Innovating teaching in context: Asia

ESLとEFLの違いね。中からみたEFLか。ちょっと注目しておこう。


Call for submissions
Innovating teaching in context: Asia

The objective of this volume is to gather the voices of teachers/researchers based in Asia to help define what makes the Asian experience unique, and how that experience can help to inform ELT theory, practice, and methodology.


The EFL context, including Asia, has tended to be defined by outsiders looking in. From Hofstede's (1991) research into cultural differences, and Kachru's (1992) depiction of different circles of language influence, to leading ELT theories and methodologies such as those associated with TBL, ideas about the EFL context are generally disseminated from Inner Circle countries outward.

Yet there are a number of dedicated and professional teachers/researchers based in Asia who are likely better placed to help define the Asian EFL experience: how its needs are different from ESL contexts and therefore uniquely EFL. However, those voices have been intermittent in their representation in the literature, with occasional articles in internationally refereed journals or scattered chapters in books hidden among the many voices from Inner Circle countries.

As co-editors, we are calling for abstracts that deal with research both based in the Asian context, and about the Asian context; research that helps to inform and interpret theory and practice in our context. We are interested in articles which deal with some of the following issues:

1. Establishing the context*: Papers which define or explain the Asian context, or facets of it.


2. Innovating practice*: Papers which describe and explore how Asian-based practitioners drive methodological innovation.

3. Innovating theory*: Papers which describe and explore how Asian-based practitioners interpret and reinterpret ELT theory to fit their regional or local contexts.
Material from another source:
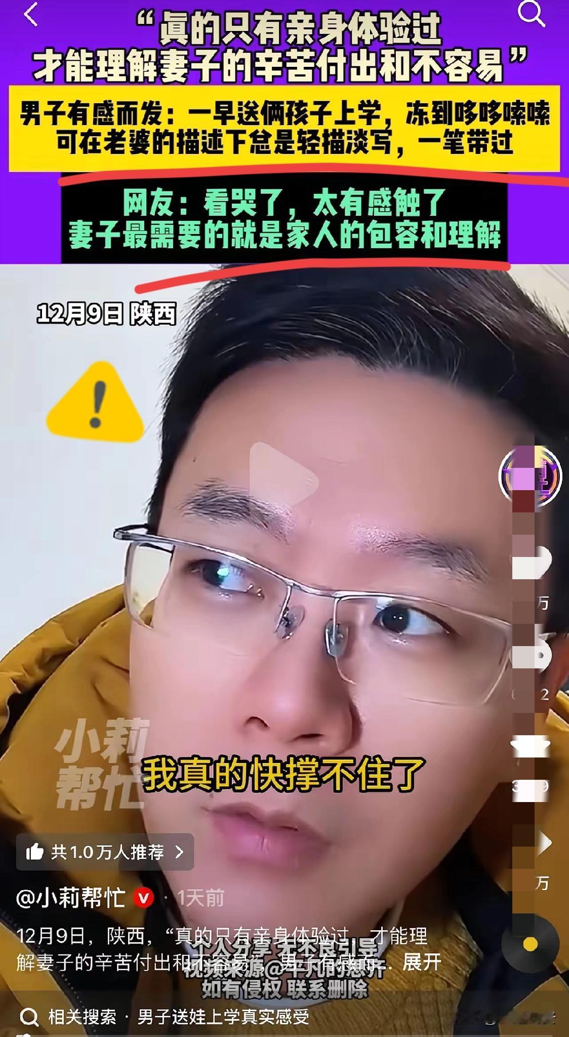 近日,陕西一男子有感而发,因妻子生病,他早晨送俩娃上学,被冻的哆哆嗦嗦,可老婆每次都是给他轻描淡写的描述,他感慨:只有亲身体验过,才能理解妻子的辛苦付出和不容易! 陕西男子替生病妻子送娃两天就扛不住,寒风里冻得手僵的滋味,才让他懂了妻子常年默默扛下的琐碎有多磨人。太多男人总觉得老婆持家带娃轻松,一句“不就是看个孩子吗”,藏着对伴侣付出最敷衍的无视,却忘了那些轻描淡写背后,全是日复一日熬出来的疲惫。 婚姻里最伤人的从不是缺钱少爱,而是你的拼尽全力,在对方眼里不值一提。育儿家务从不是某个人的独角戏,那些被切割成碎片的时间、停不下来的琐事,从来都不轻松。真正的心疼从不是嘴上情话,而是主动搭把手的实在,是看见对方付出的真心。 别等亲身经历才懂伴侣不易,日常多份体谅多些分担,日子才能暖起来。你家有没有过这种“体验后才懂对方辛苦”的时刻?评论区聊聊~
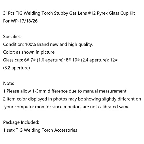 DAZZLEEX Accessori della torcia di saldatura di TIG, 31Pcs Stubby Gas Lens #12 Pyrex Glass Cup Kit per WP-17/18/26

4. Other topics related to teaching English in Asia that don't necessarily fit easily into the above three categories.

*Some subtopics that could be appropriate include: motivation, learner autonomy, 4-skills, Extensive Reading, learning strategies, Extensive Writing, learner identity, input/output hypothesis, vocabulary acquisition, consciousness raising, washback, functional grammar, task-based learning and classroom discourse analysis.
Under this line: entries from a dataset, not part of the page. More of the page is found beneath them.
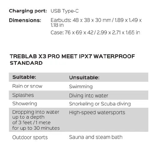 TREBLAB X3 Pro - IPX7 Waterproof Standard
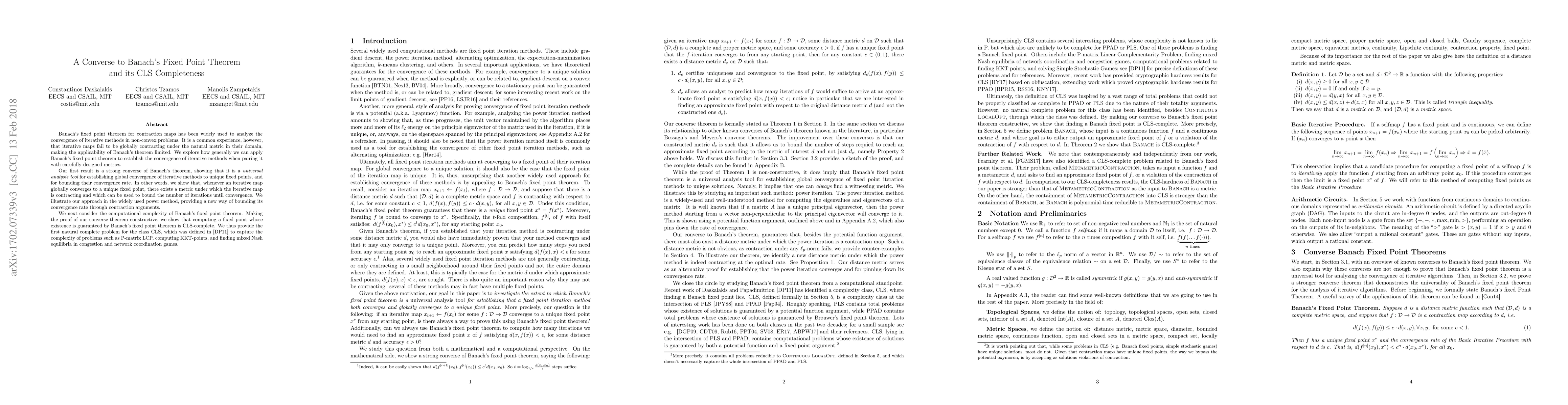 Banach's fixed point theorem for contraction maps has been widely used to analyze the convergence of iterative methods in non-convex problems. It is a common experience, however, that iterative maps fail to be globally contracting under the natural metric in their domain, making the applicability of Banach's theorem limited. We explore how generally we can apply Banach's fixed point theorem to establish the convergence of iterative methods when pairing it with carefully designed metrics. Our first result is a strong converse of Banach's theorem, showing that it is a universal analysis tool for establishing global convergence of iterative methods to unique fixed points, and for bounding their convergence rate. In other words, we show that, whenever an iterative map globally converges to a unique fixed point, there exists a metric under which the iterative map is contracting and which can be used to bound the number of iterations until convergence. We illustrate our approach in the widely used power method, providing a new way of bounding its convergence rate through contraction arguments. We next consider the computational complexity of Banach's fixed point theorem. Making the proof of our converse theorem constructive, we show that computing a fixed point whose existence is guaranteed by Banach's fixed point theorem is CLS-complete. We thus provide the first natural complete problem for the class CLS, which was defined in [Daskalakis, Papadimitriou 2011] to capture the complexity of problems such as P-matrix LCP, computing KKT-points, and finding mixed Nash equilibria in congestion and network coordination games.
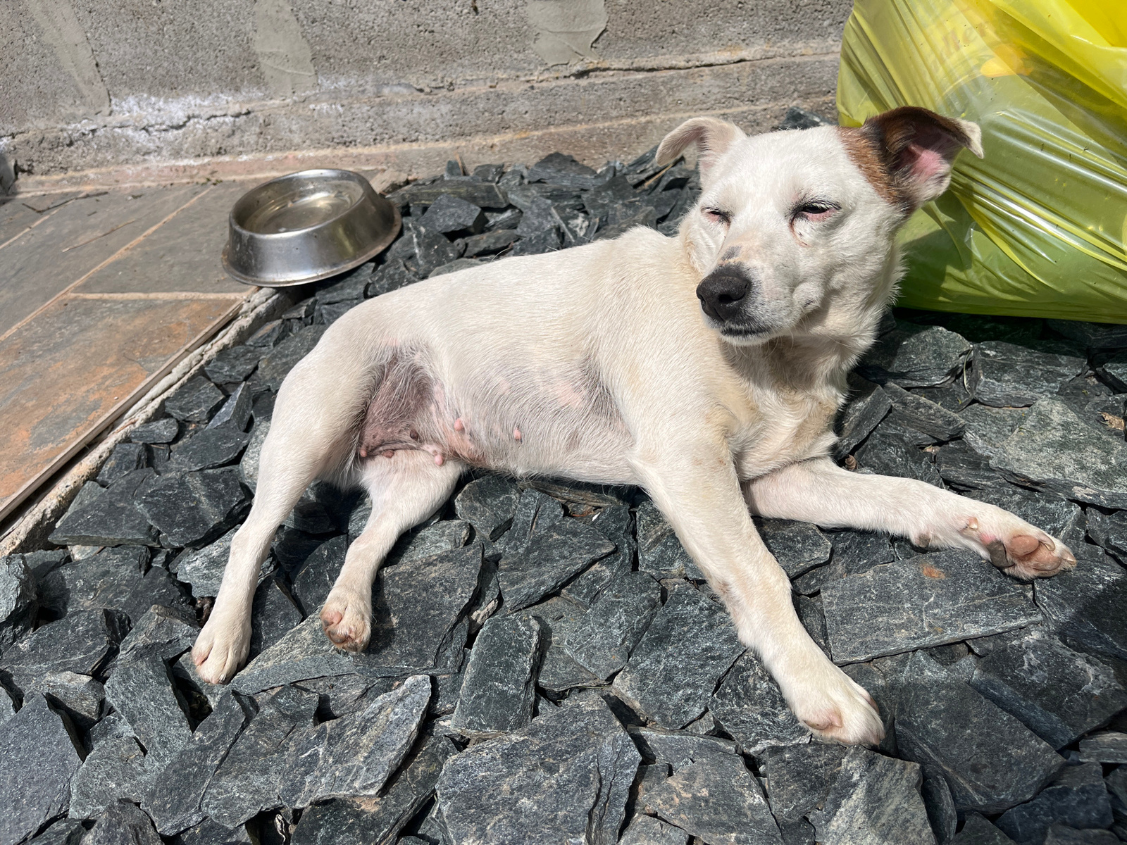 A white dog with brown markings on its ear lies on a pile of dark gray rocks. The dog is positioned in the center of the frame, its body angled slightly to the right. A metal bowl sits to the left of…read more

This is a proposed volume, and after receiving abstracts we will screen in appropriate proposals, then invite the short-listed contributors to send their full papers. After receiving the full papers, we will send the proposal package to a major publisher for consideration. While we've had some expression of interest from a publisher, the volume must go through the regular vetting cycle, and so there is no guarantee that the volume will be published. That being said, we are quite confident that a volume of this nature would be a significant and needed contribution to the field.

If you are interested in contributing to this proposed volume, please send your abstracts to by February 28th, 2009. Abstract authors will be notified of acceptance or rejection of the proposal by March 31st, 2009, and contributors will be asked to send their complete articles by November 30th, 2009. We intend to submit the proposal to publishers by December 31st, 2009, for hopeful publication in 2010.

Abstracts should be up to 500 words in length, and should include information about the specific, local context being explored, and how observations from that context could potentially inform other teacher/researchers in similar contexts. Again, we hope to define and explain what it means to teach English in Asia, and to disseminate our collective understanding of our contexts to the rest of the ELT community. We hope this volume will help to inform teacher education and practice in Asia for some time to come.

Thanks for your time and consideration. We are looking forward to receiving your abstracts and/or expressions of interest.

Please feel free to forward this call to potentially interested colleagues, or to post it to appropriate mailing lists.